Non si tratta dunque di un “nuovo inizio”, in quanto il Patto include misure di rafforzamento delle frontiere esterne dell’Ue (con pesanti oneri per i paesi di primo ingresso), di snellimento delle procedure di assegnazione dello status di rifugiato sulla base del paese di provenienza (indebolendo di fatto il diritto di asilo che spesso coinvolge storie personali) e di solidarietà “opzionale” fra paesi (che possono sostenere economicamente i rimpatri al posto di accettare i ricollocamenti). Il superamento del regolamento di Dublino è ancora lontano, anzi si prefigura addirittura un peggioramento delle condizioni dei paesi di primo approdo, come l’Italia, che dovranno gestire non solo gli arrivi, ma anche lo screening iniziale (registrazione, identificazione delle diverse categorie, controlli sanitari).

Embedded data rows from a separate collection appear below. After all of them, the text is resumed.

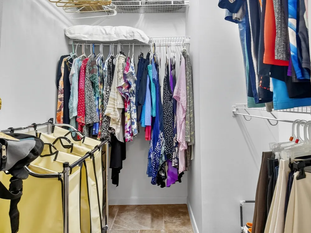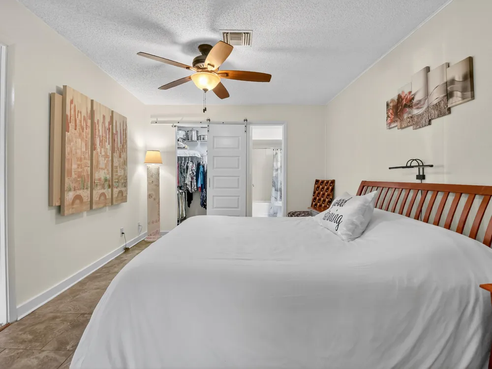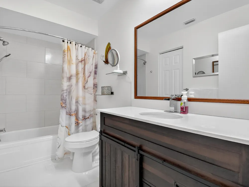 - Entry Level Living Area, Pull Down Attic Stairs, Split Bedrooms, Walk-In Closet(s), Florida Room, Living/Dining Room, Tub Shower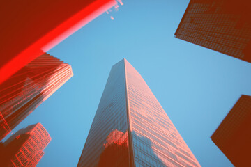 Low angle view of skyscrapers against a clear blue sky with a red filter effect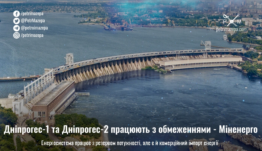 Дніпрогес-1 та Дніпрогес-2 працюють з обмеженнями - Міненерго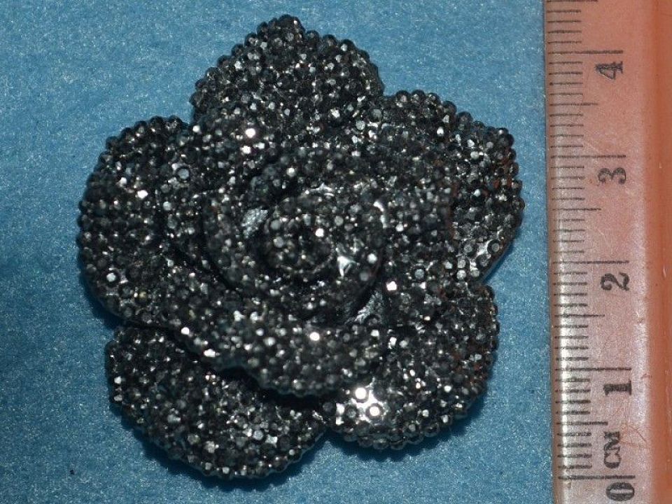 Пластиковий кабошон вигляді троянди, усипаний каменями має плоске (рівне) підстава. Розмір троянди 4см, підстава 2.5см.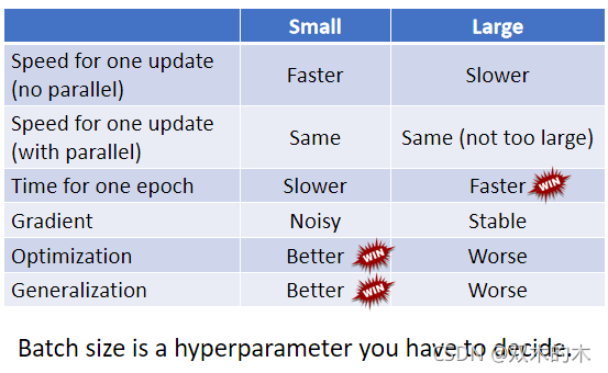 (1)在有平行运算的情况下,小的 Batch 跟大的 Batch,其实运算的时间并没有太大的差距,除非你的大的 Batch 那个大是真的非常大,才会显示出差距来。但是一个 Epoch 需要的时间,小的 Batch 比较长,大的 Batch 反而是比较快的,所以从一个 Epoch 需要的时间来看,大的 Batch 其实是占到优势的。(2)而小 Batch的 Update 的方向比较 Noisy,大Batch 的 Update 的方向比较稳定,但是 Noisy 的 Update 的方向,反而在 Optimization 的时候会占到优势,而且在 Testing 的时候也会占到优势,所以大的 Batch 跟小的 Batch,它们各自有它们擅长的地方。因此 Batch Size变成另外一个你需要去调整的 Hyperparameter。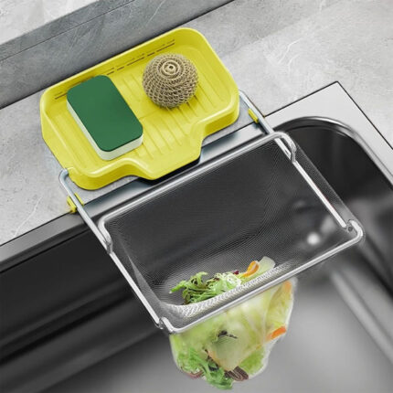Kitchen Sink Strainer, Foldable Food Catcher, Mesh Waste Filter Rack with Detachable Tray, Corner Sink Drain Basket Hanging Dishcloth Holder with 50PCS Filter Mesh Bags (Yellow)

Il 3 ottobre si è celebrata la Giornata della memoria delle vittime della migrazione, in commemorazione del naufragio del 2013, in cui persero la vita 368 persone a un chilometro dalle coste di Lampedusa. Da quel giorno, abbiamo assistito al picco degli arrivi nel 2015-2016 e ai successivi giri di vite sui controlli alle frontiere e sulle politiche di soccorso in mare, insieme ai ricchi accordi bilaterali con i principali centri dell’emigrazione irregolare. Tutto ciò non ha fermato le partenze e le stragi nel Mediterraneo che finora contano più di 20 mila vittime stimate.
La politica migratoria europea rappresenterà un nuovo inizio quando sarà in grado di mettere fine a queste stragi, nelle quali perdono la vita giovani uomini e donne pieni di aspirazioni e bambini inermi che avrebbero diritto a un futuro. L’obiettivo non contempla solo il soccorso in mare, ma una politica migratoria comune, che vada oltre il controllo dei confini e la sicurezza e che metta al centro la tutela dei diritti umani, insieme alla previsione e gestione dei flussi in anticipo. Senza il disegno e l’attuazione di alternative legali e sicure per permettere alle persone di raggiungere i paesi di destinazione desiderati, sarà difficile che l’Europa possa concretamente trovare un equilibrio stabile fra solidarietà e responsabilità.